From the first line to the last, print the records exactly, leaving out the pictures.

↓

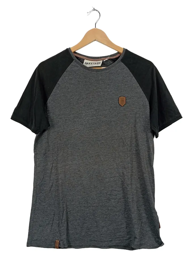 Herren T-Shirt Raglan Gr. M Grau Schwarz Meliert Lederdetails
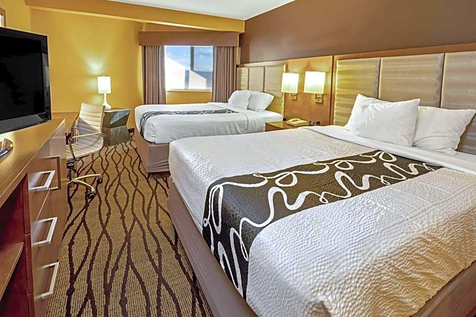 La Quinta by Wyndham Butte offers a variety of room types including Deluxe Queen Rooms with Two Queen Beds, Deluxe King Rooms, King Suites with Mountain View, Deluxe King Suites with City/Mountain View, and Queen Rooms with View and Mobility/Hearing Impaired Access. All rooms are non-smoking and have different occupancy limits. Bed sizes include queen, king, and sofa bed options, depending on the room type.
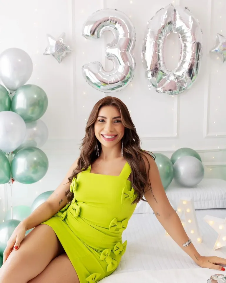 Turning 30 never looked this chic. The white one-shoulder dress keeps it classy, while the pink balloons and cake add the perfect celebratory vibe. It’s a timeless setup with just enough sparkle to feel special.
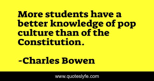 This page presents the quote "More students have a better knowledge of pop culture than of the Constitution.". Author of this quote is Charles Bowen. This quote is about culture, constitution,.
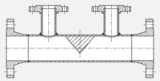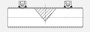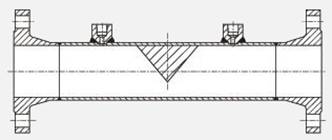 楔形流量傳感器結構如右圖所示。楔形流量傳感器的檢測件是楔形孔板,它是一塊V形節流件,它的圓滑頂角朝下,這樣有利于含懸浮顆粒(粉塵、泥沙及其它固體顆粒)流體和高粘度液體流過時在節流件上游側不會產生滯流,也不會在節流體上、下游側發生固體顆粒或粘稠物的積存,從而確保了楔形流量傳感器長期運行精度在0.2級,這樣高的長期運行精度在流量測量領域是迄今少見的。 |
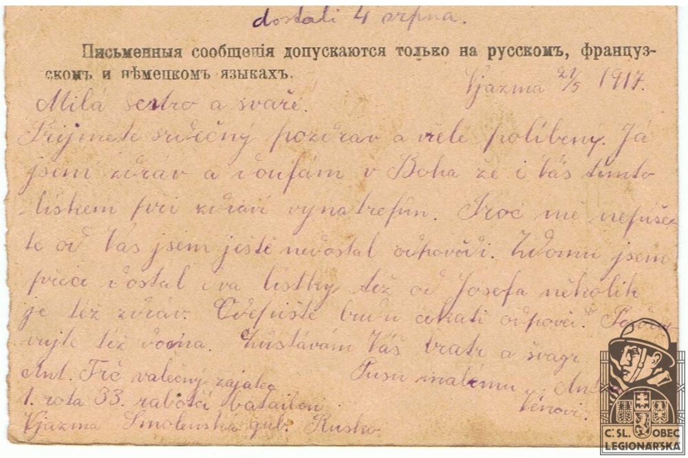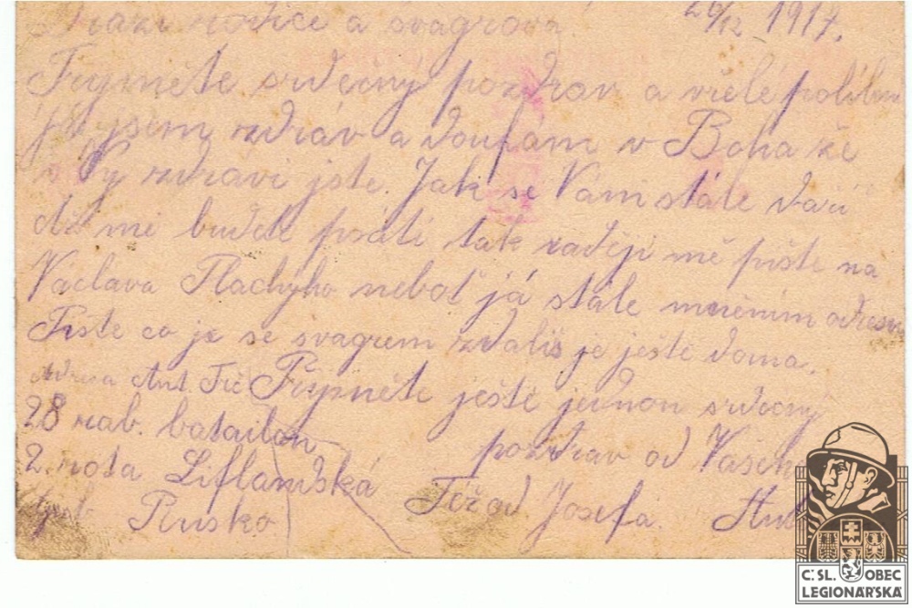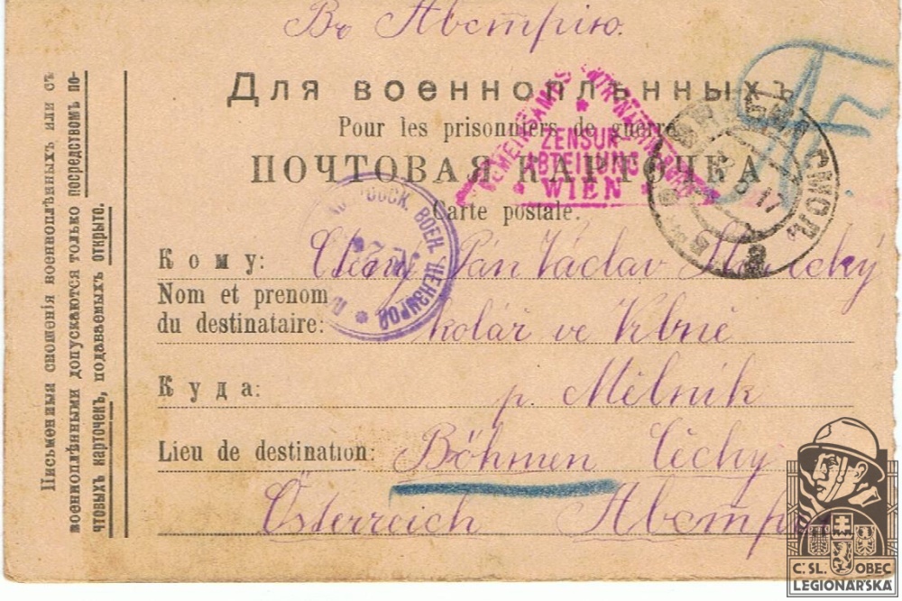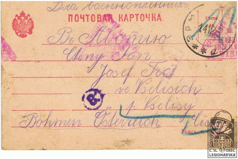 Jednotka v době zařazení:10.stř.pl. ( Čs. legie v Rusku )
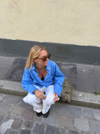 Introducing our new Pall Blouse. This fun striped blouse features an oversized fit with two side strings to tie at the waist for a tailored look. Made from soft poplin material, and detailed with contrast color embroidery on the collar and cuffs. Ethically made in India.

↑

▶ [ANSWER AREA]
 Herren T-Shirt Raglan Gr. M Grau Schwarz Meliert Lederdetails
 La Quinta by Wyndham Butte offers a variety of room types including Deluxe Queen Rooms with Two Queen Beds, Deluxe King Rooms, King Suites with Mountain View, Deluxe King Suites with City/Mountain View, and Queen Rooms with View and Mobility/Hearing Impaired Access. All rooms are non-smoking and have different occupancy limits. Bed sizes include queen, king, and sofa bed options, depending on the room type.
 Turning 30 never looked this chic. The white one-shoulder dress keeps it classy, while the pink balloons and cake add the perfect celebratory vibe. It’s a timeless setup with just enough sparkle to feel special.
 This page presents the quote "More students have a better knowledge of pop culture than of the Constitution.". Author of this quote is Charles Bowen. This quote is about culture, constitution,.
 楔形流量傳感器結構如右圖所示。楔形流量傳感器的檢測件是楔形孔板,它是一塊V形節流件,它的圓滑頂角朝下,這樣有利于含懸浮顆粒(粉塵、泥沙及其它固體顆粒)流體和高粘度液體流過時在節流件上游側不會產生滯流,也不會在節流體上、下游側發生固體顆粒或粘稠物的積存,從而確保了楔形流量傳感器長期運行精度在0.2級,這樣高的長期運行精度在流量測量領域是迄今少見的。 |
 Jednotka v době zařazení:10.stř.pl. ( Čs. legie v Rusku )
 Introducing our new Pall Blouse. This fun striped blouse features an oversized fit with two side strings to tie at the waist for a tailored look. Made from soft poplin material, and detailed with contrast color embroidery on the collar and cuffs. Ethically made in India.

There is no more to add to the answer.